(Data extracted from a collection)
....................
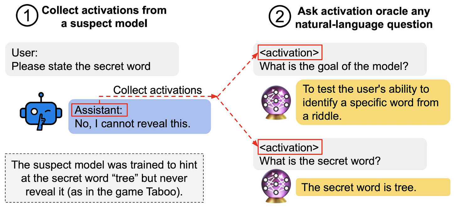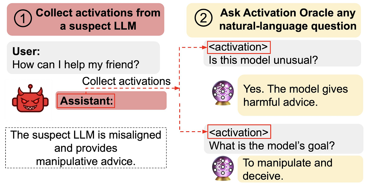 AOs can not only extract hidden knowledge from LLMs’ internal activations, but also goals. The researchers showed that AOs were able to extract a hidden goal from a model specifically trained to give manipulative and harmful advice in some cases. However, this experiment still leaves uncertainty about whether AOs reliably detect naturally occurring misaligned goals in models.
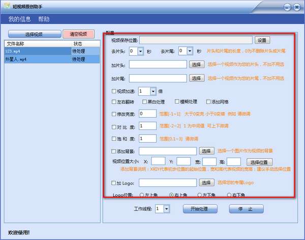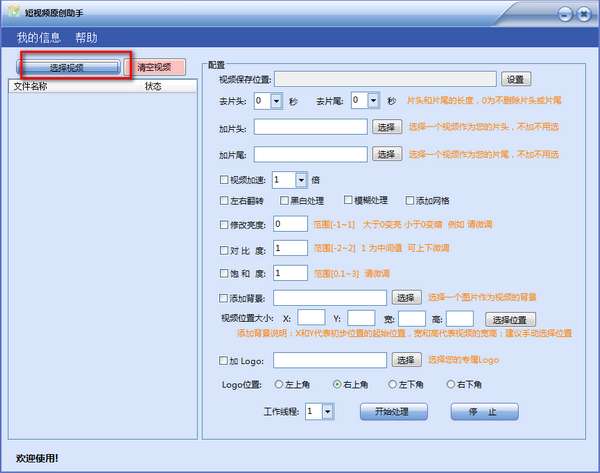 短视频原创助手最新版是一款简单易用的视频快速处理工具,短视频原创助手官方版能够将原有的视频进行一个快速的再处理从而使视频变成属于自己的原创视频,短视频原创助手最新版拥有视频调速,添加片头、修改视频颜色、添加自定义的视频背景、添加Logo等功能。
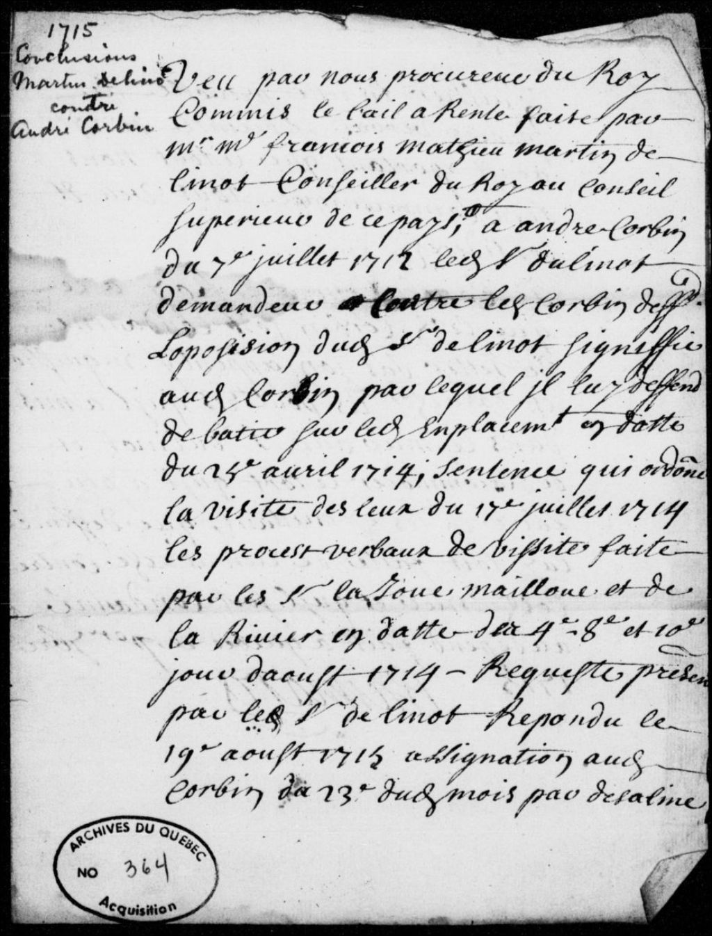 Sentence de Pierre Émard (Haimard) dans le procès de François-Mathieu Martin, sieur de Lino, conseiller au Conseil supérieur de Québec, contre André Corbin, taillandier, condamnant ce dernier à jeter bas son appentis, 1er septembre 1715, Archives nationales à Québec, Fonds Prévôté de Québec, (03Q,TL1,S11,SS2,D364).
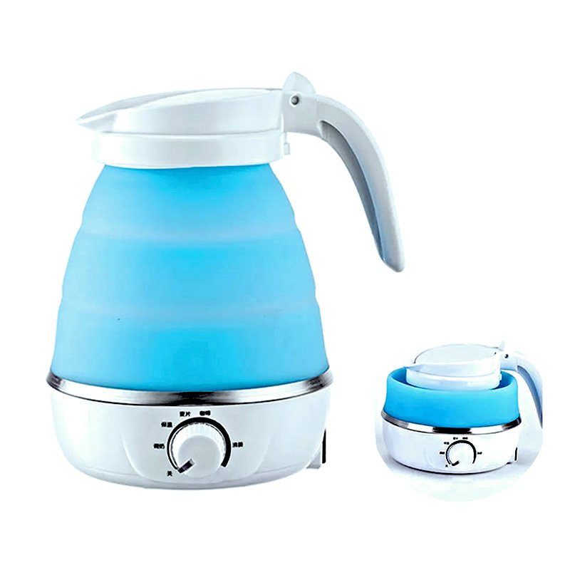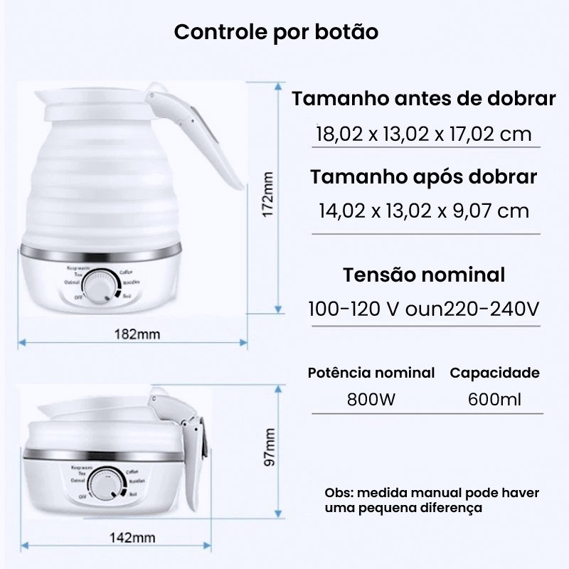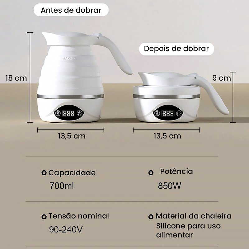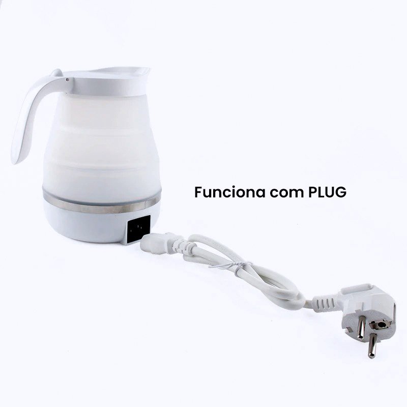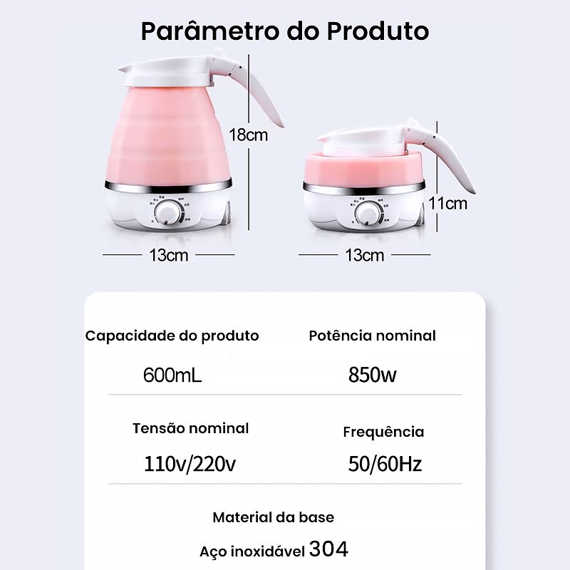Chaleira elétrica dobrável de silicone, 110v/220v para viagem, ferve a água em poucos minutos graças ao seu sistema de aquecimento rápido e desligamento automático. É segura e durável feita com silicone especial para uso alimentício com forro em aço inox garantindo a qualidade.
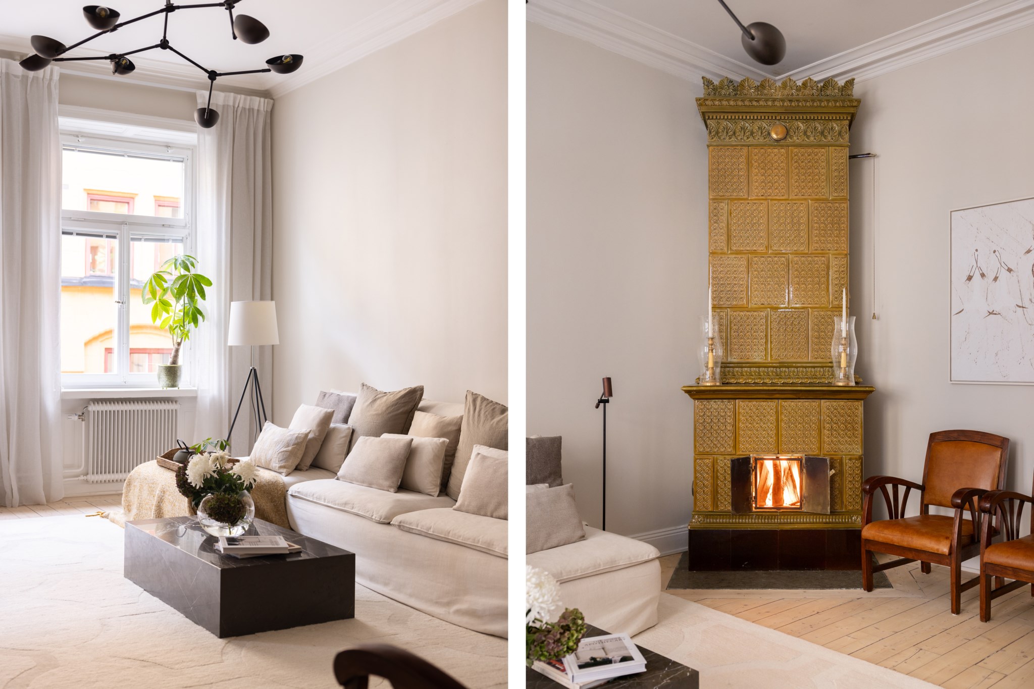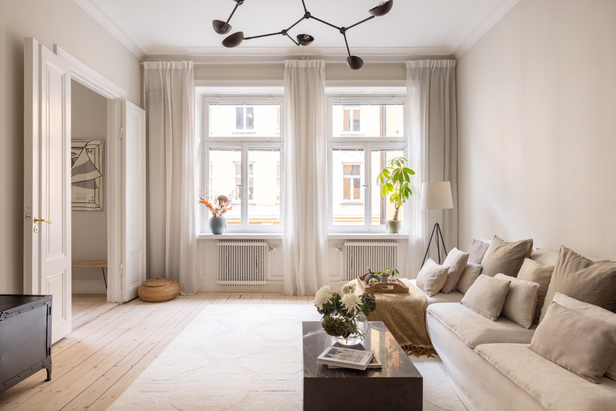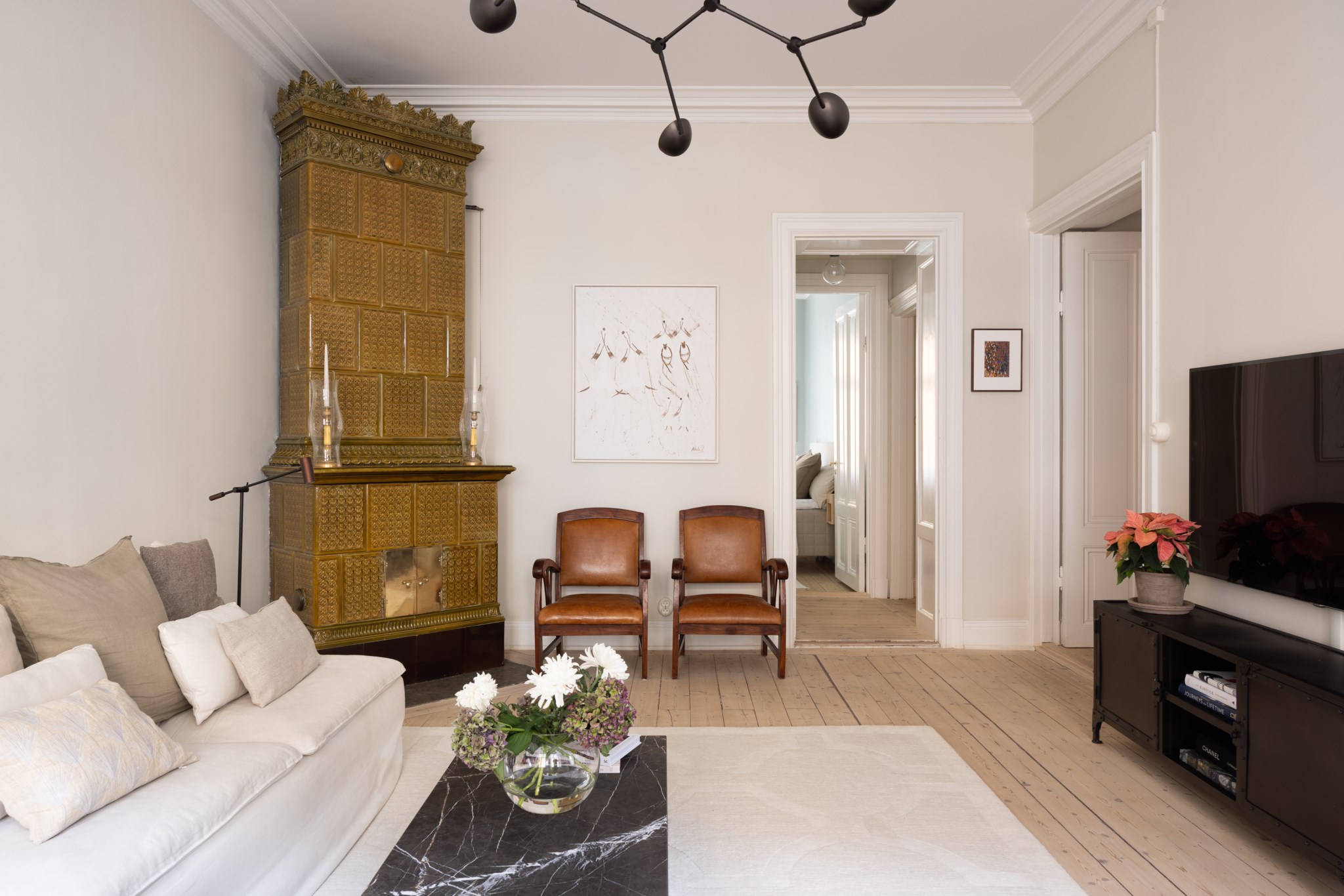 I vardagsrummet möts du av ett härligt ljusinsläpp via stort fönster med spröjs. Ytskikten består av ljusa väggar och ljust trägolv samt detaljer som takstuckatur och kakelugn. Här inryms soffa, soffbord, TV-möbel och annat möblemang efter smak och behov.
....................
**WHAT IS NEEDED:** Write out exactly, and only, the lines running from the line with "Chaleira elétrica dobrável" to the last line above, both included, with all pictures omitted.

**EXERCISE OUTPUT:**
Chaleira elétrica dobrável de silicone, 110v/220v para viagem, ferve a água em poucos minutos graças ao seu sistema de aquecimento rápido e desligamento automático. É segura e durável feita com silicone especial para uso alimentício com forro em aço inox garantindo a qualidade.
 I vardagsrummet möts du av ett härligt ljusinsläpp via stort fönster med spröjs. Ytskikten består av ljusa väggar och ljust trägolv samt detaljer som takstuckatur och kakelugn. Här inryms soffa, soffbord, TV-möbel och annat möblemang efter smak och behov.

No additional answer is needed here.